Despite the many commendable achievements of the inclusive government, it cannot claim to have achieved necessary standards of good governance. A few prime examples are:


  • Notwithstanding the Global Political Agreement (GPA), President Mugabe continues to resist swearing in Roy Bennett as Deputy Minister of Agriculture, saying that he will only do so once Roy Bennett has been acquitted. This is clearly contemptuous disregard for the fundamental principle of Zimbabwean law that a person is innocent until proven guilty, and instead adopts a stance of “guilty until proven innocent”! The inevitable international perception is that the GPA is shallow, and cannot endure, and that the president and Zanu PF are determined to retain considerable power, irrespective of agreements concluded by it.
  • With almost a decade having elapsed since Zimbabwe embarked upon its land reform programme in a horrendously destructive and unproductive manner, it has still failed to honour its obligation under Bilateral Investment Promotion and Protection Agreements (Bippas), which cannot instil any confidence within the international community, and amongst potential investors, that Zimbabwe will honour future agreements. Moreover, Zimbabwe’s limited external assets are now at grievous risk for, on April 15 this year, the International Centre for Settlement of Investment Disputes (ICSID), sitting in Paris, France, awarded 8 220 000 euros to 13 Dutch farmers unceremoniously ousted from their farms with contemptuous disregard for the Netherlands and Zimbabwe Bippa. Moreover, in ruling in favour of the farmers, ICSID prescribed interest of 10%, compounded half-yearly, which has increased the award to 16 million euros (approximately US$21m).

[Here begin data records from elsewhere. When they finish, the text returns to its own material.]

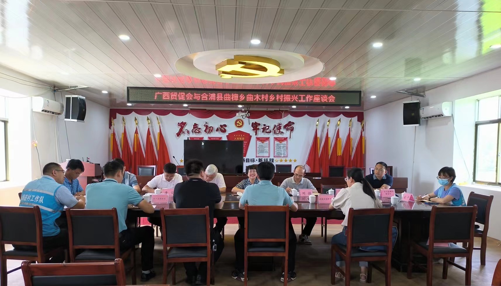 伍娟副会长一行与合浦县、曲樟乡、曲木村各级领导干部在曲木村村委党群活动室召开乡村振兴工作座谈会。座谈会上,曲樟乡党委书记李建龙、驻村第一书记赵正、合浦县乡村振兴和水库移民局副局长肖明瑞分别就曲樟乡、曲木村、合浦县的基本情况、产业发展、乡村振兴工作进展及今后发展方向进行了详细介绍。
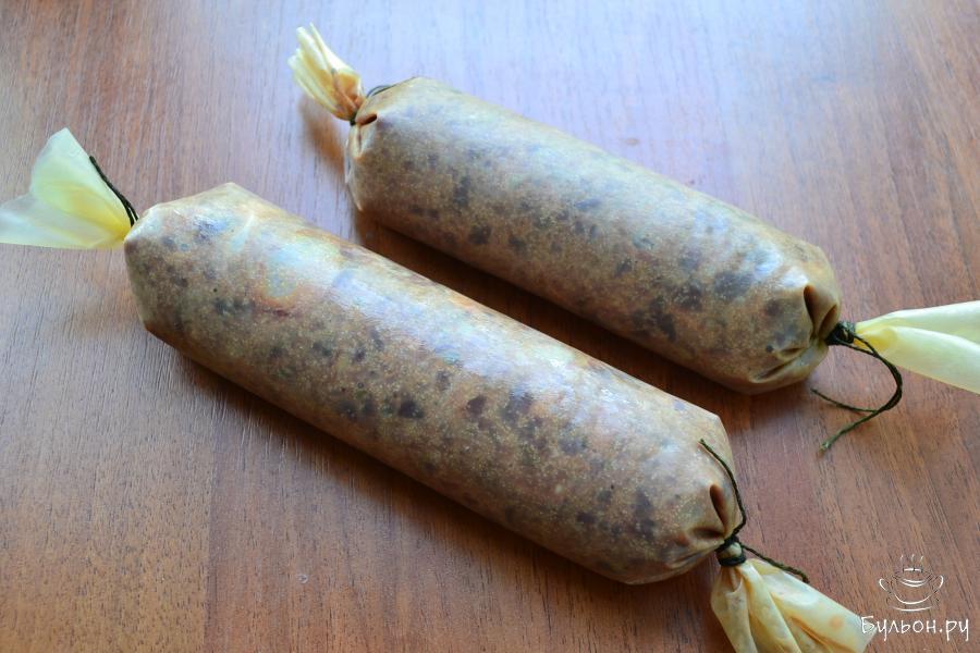 8. А затем наполнить мягкую оболочку подготовленным печеночным фаршем, крепко перевязав концы. Слишком плотно наполнять оболочку фаршем нельзя.
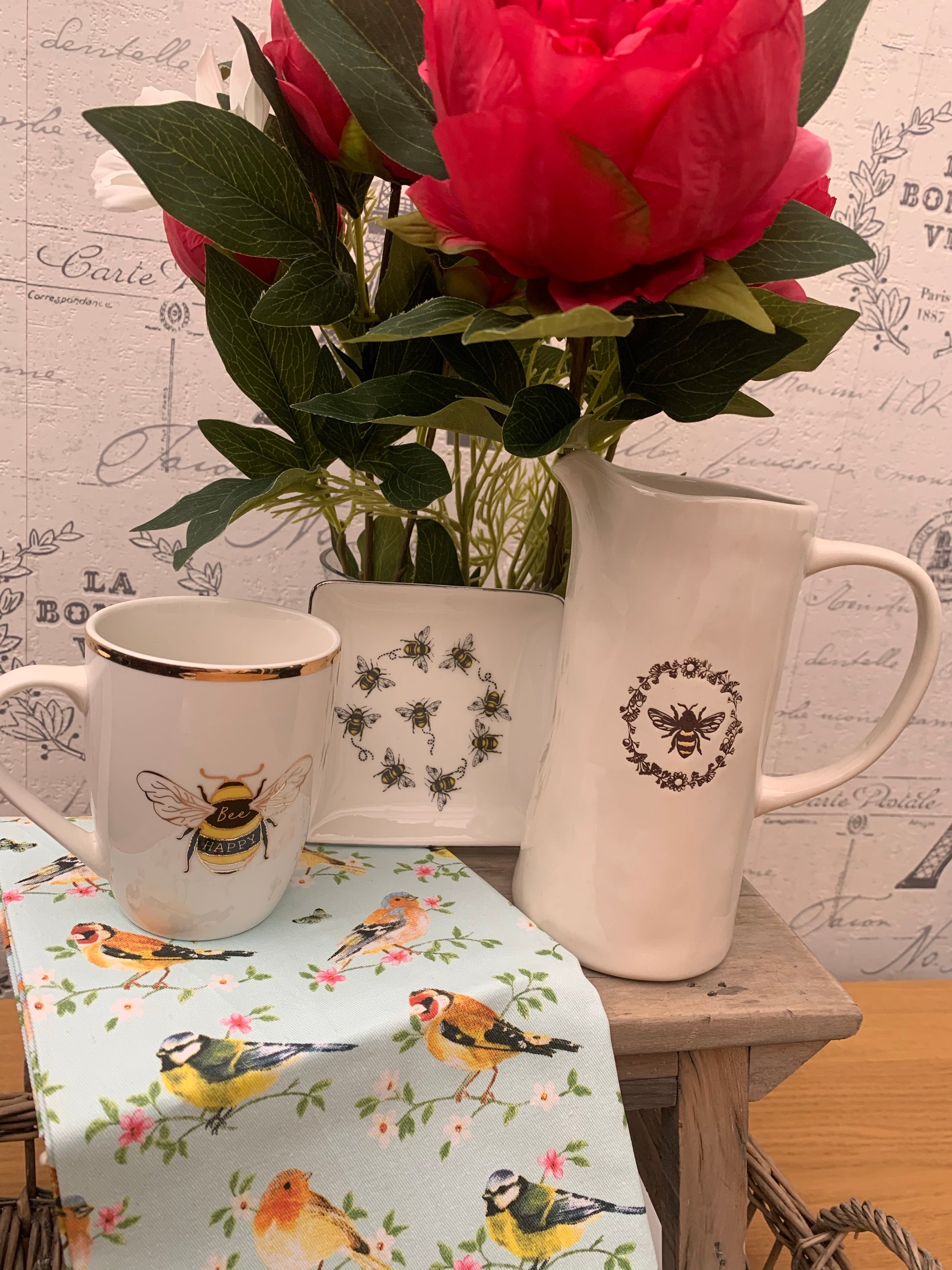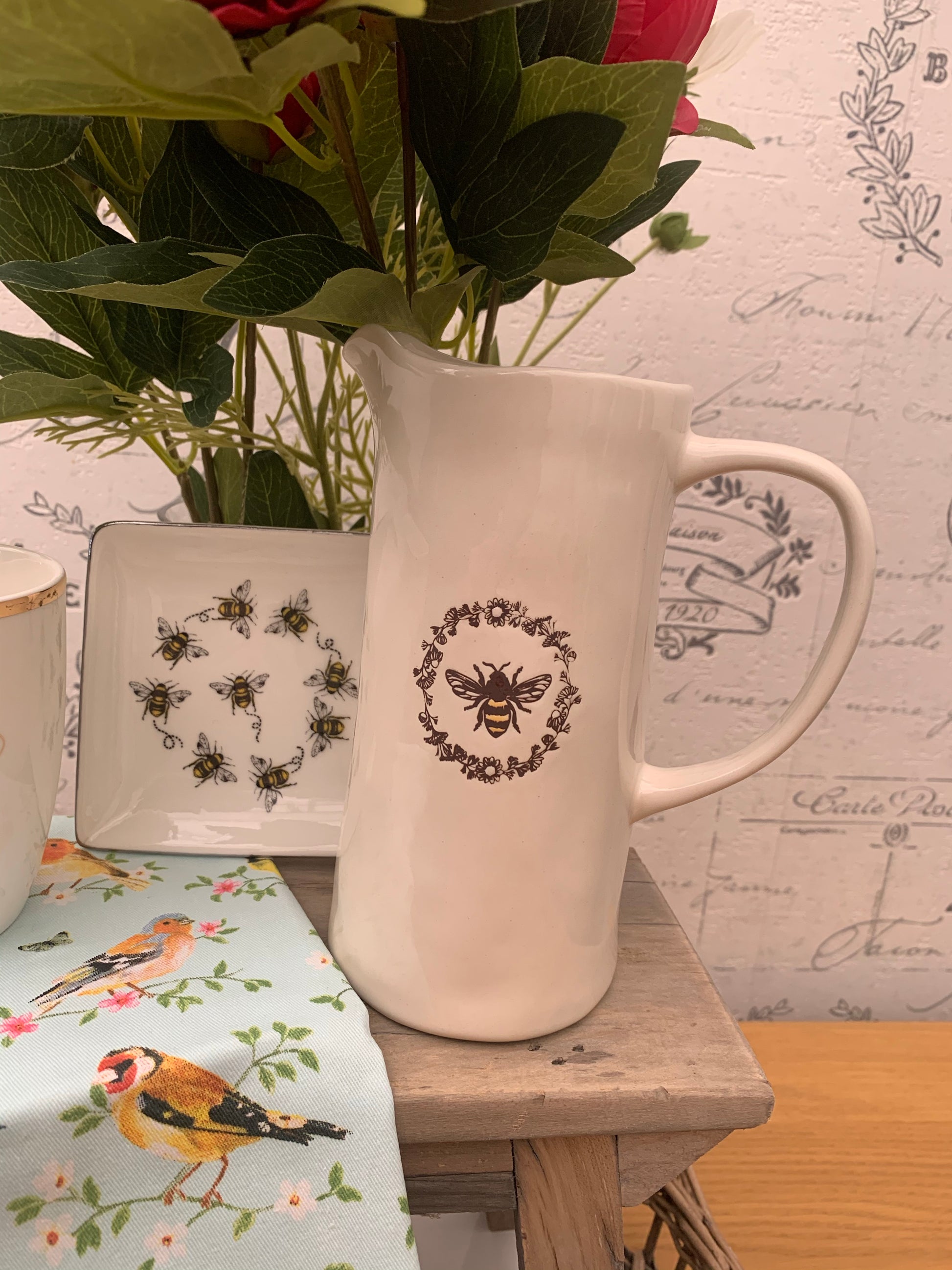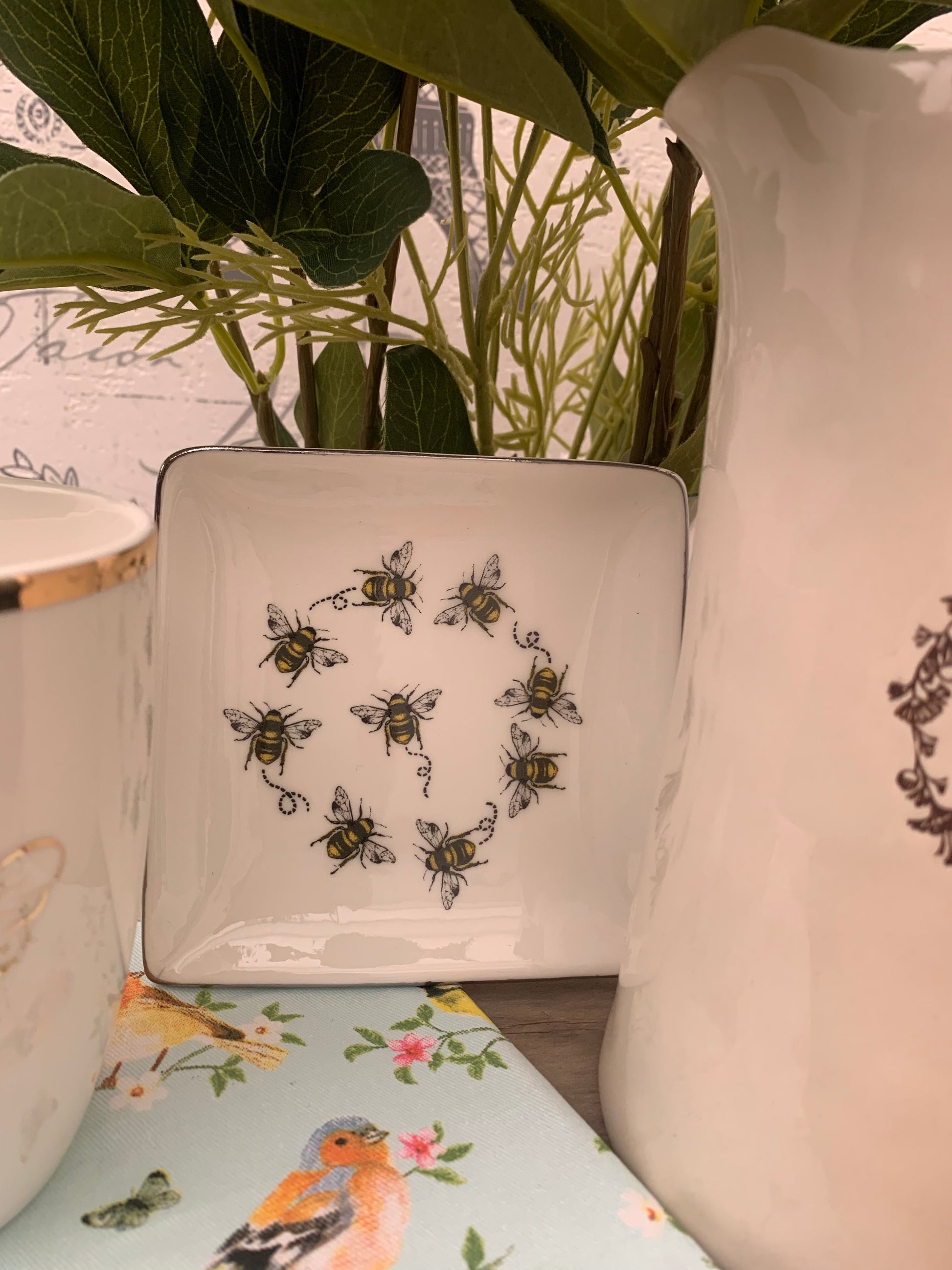 Gorgeously stylish but simple square ceramic trinket dish with bees design, very dressing table worthy for little pieces of jewellery or hair bands. Would not look out of place on a hall table or in the kitchen to hold your rings while washing up!

This judgement could well provoke attachment of Zimbabwean government assets abroad, albeit that this should not include assets of any parastatals that are structured as independent legal entities for their assets are not, in reality, government’s assets — notwithstanding that government is possessed of the shares in such entities. The judgement of ICSID will inevitably provoke innumerable further legal actions by many other displaced farmers, intensifying Zimbabwe’s already grossly poor international creditworthiness.

=Continuing vehement castigation and recrimination of the Reserve Bank of Zimbabwe and its governor, of various previous ministers, and of the minority white population in general, and those from the agricultural sector in particular, projects an appalling international image of intense division prevailing in Zimbabwe. This is not conducive to necessary political harmony, which is essential for economic recovery, national reconciliation and creation of a conducive investment environment.

The bottom line is that government in general, and those in the inclusive government who constituted the preceding government, need to prioritise Zimbabwe, its people, and its economy and international standing ahead of themselves, effecting utmost good governance instead of self-preservation and enhancement.  Until then, inevitably economic recovery will be slow and incomplete. Utmost good governance is the key to the future that Zimbabweans need, and deserve!